There has been much fretting in recent years about falling fertility in the United States, most recently because of an economics paper suggesting that the need to buy a minivan or SUV instead of a sedan as a family vehicle could be deterrent to having more than two children.
While this is surely a consideration for some families, minivans probably aren't the determining factor. Cars are just another part of the increased burden of having babies. Over time, the additional child care is far more expensive than a car upgrade. American parents spend more money and time on their children than ever — and that was true before the pandemic made raising children even more demanding.
Given the rising costs of parenthood, large families have, in a way, become a luxury, said Leslie Root, a demographer and postdoctoral scholar at the University of California, Berkeley.
"It is a status thing because it shows you have the money to have, apparently, a big car, a four-bedroom house," she said. "Having three kids becomes kind of like a rarefied choice."
Until the early 1970s, three-quarters of Americans said that having three children was ideal, according to Gallup. Since 1990, the share of families with three children has stayed pretty constant, at about one-fifth.

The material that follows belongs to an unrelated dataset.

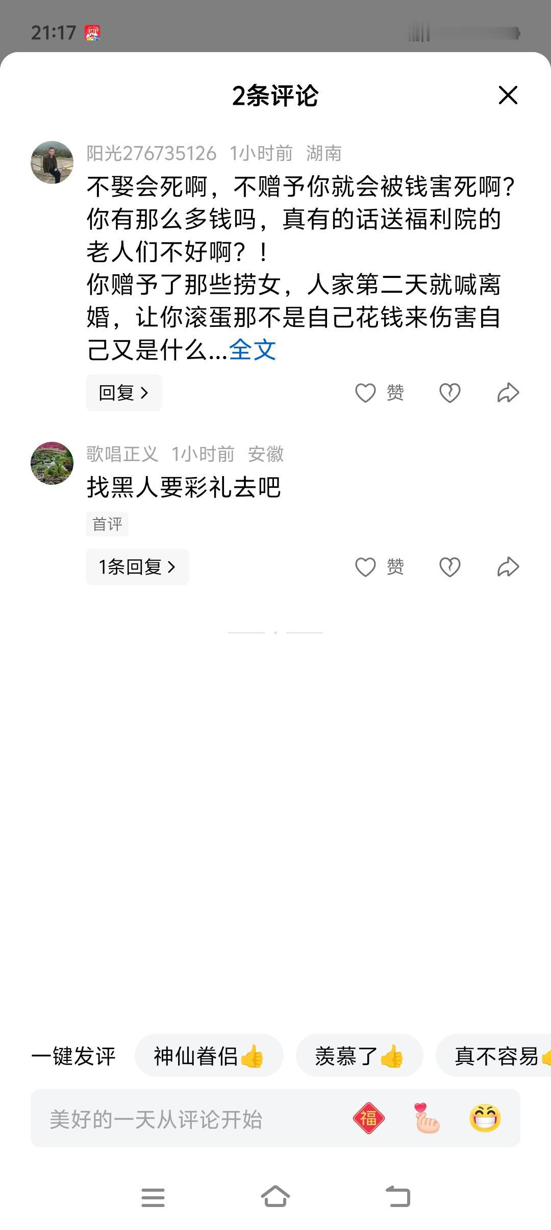 头条上都说了,大城市是没有彩礼的!嫁给外国人的,大多数好像也是大城市的女孩子。她们嫁给中国人,同样也不会要彩礼!现在终于明白,为什么你们对中国女孩嫁给外国人如此耿耿于怀了!因为不要彩礼的女孩,嫁给了外国人,恰恰动了你们的蛋糕!可是你也不想一想,就你这德性这些不要彩礼的大城市女孩,真的看得上你吗?

The biggest change has come among highly educated women: Those with postgraduate degrees are significantly more likely to have three children than in the past.
"There's this stereotype that women are focusing on their careers and putting childbearing off and deciding they don't really want kids," Root said. "But as women's education has increased, actually those fertility desires don't go away."
What's happening with fertility can be clouded by different measurement approaches that sometimes appear to come to diametrically opposed conclusions. For instance, the percentage of American women who are mothers has climbed steadily over the past 15 years. Yet in total, American women are having fewer babies each year.